00:01:20.960
We are going to get started. This is a bit louder, but it worked, so whatever works!
00:01:29.060
I need you to be super quiet because I have an announcement to make. Hi, my name is Andrew, and I've been doing a great job capturing this conference in written form.
00:01:38.660
I am absolutely awesome! Please give me a round of applause!
00:02:08.960
Nice! All right, we have two talks coming up, then there’s a break, and then we have one more talk coming up. This will be followed by the closing notes from Ramona and Pilar, and then, of course, the after-party starts at 8:00 tonight.
00:02:19.550
So, our next speaker is Brad. I’ve heard that he is quite the karaoke singer, a barbecue enthusiast, and a coder. Who would have expected that? He has about 15 years of experience with SQL under his belt, so if you are about to embark on designing your next database challenge, he is probably the best to help you with that.
00:03:01.569
Hi!

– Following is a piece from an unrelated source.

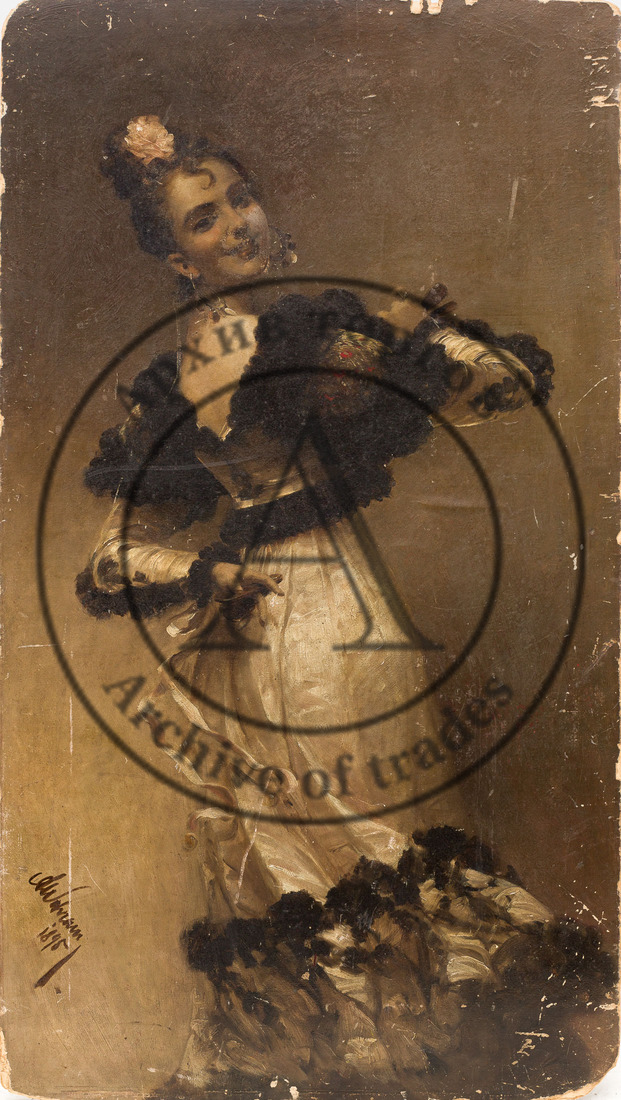 Сохранность: замины и надрывы по краям переплета; трещина по корешку; затеки на первых листах; штамп и пометки книжного магазина на оборотной обложке.

How are you doing? Guten Tag! Did I say that right? I’m very happy to be here in Vienna. This is my second time; I was here back in 2003. I could not be more thrilled. I flew in from Los Angeles last night just to speak to you all, and this has been a lovely time.
00:03:12.860
Thank you to our organizers and everyone who set up this conference and invited me up here. My name is Brad Urani; I am a staff engineer at Procore in Santa Barbara, California, and this talk is about database patterns, specifically Rails anti-patterns or relational anti-patterns.
00:03:18.290
I change the title depending on who my audience is, but it’s the same talk: Rails anti-patterns—how not to design your database. So, warning: tough decisions ahead. I’m going to give you some patterns you can use in your database, but realize that I cannot give you hard and fast rules about what to use where. I hope to provide you with tools that you can add to your toolkit.
00:03:38.180
Ultimately, making decisions about design patterns is challenging and very specific to your use case. At the end of this, remember there are still choices to be made. I work for Procore, which provides software for the construction industry. We create software for people building skyscrapers and giant buildings like this.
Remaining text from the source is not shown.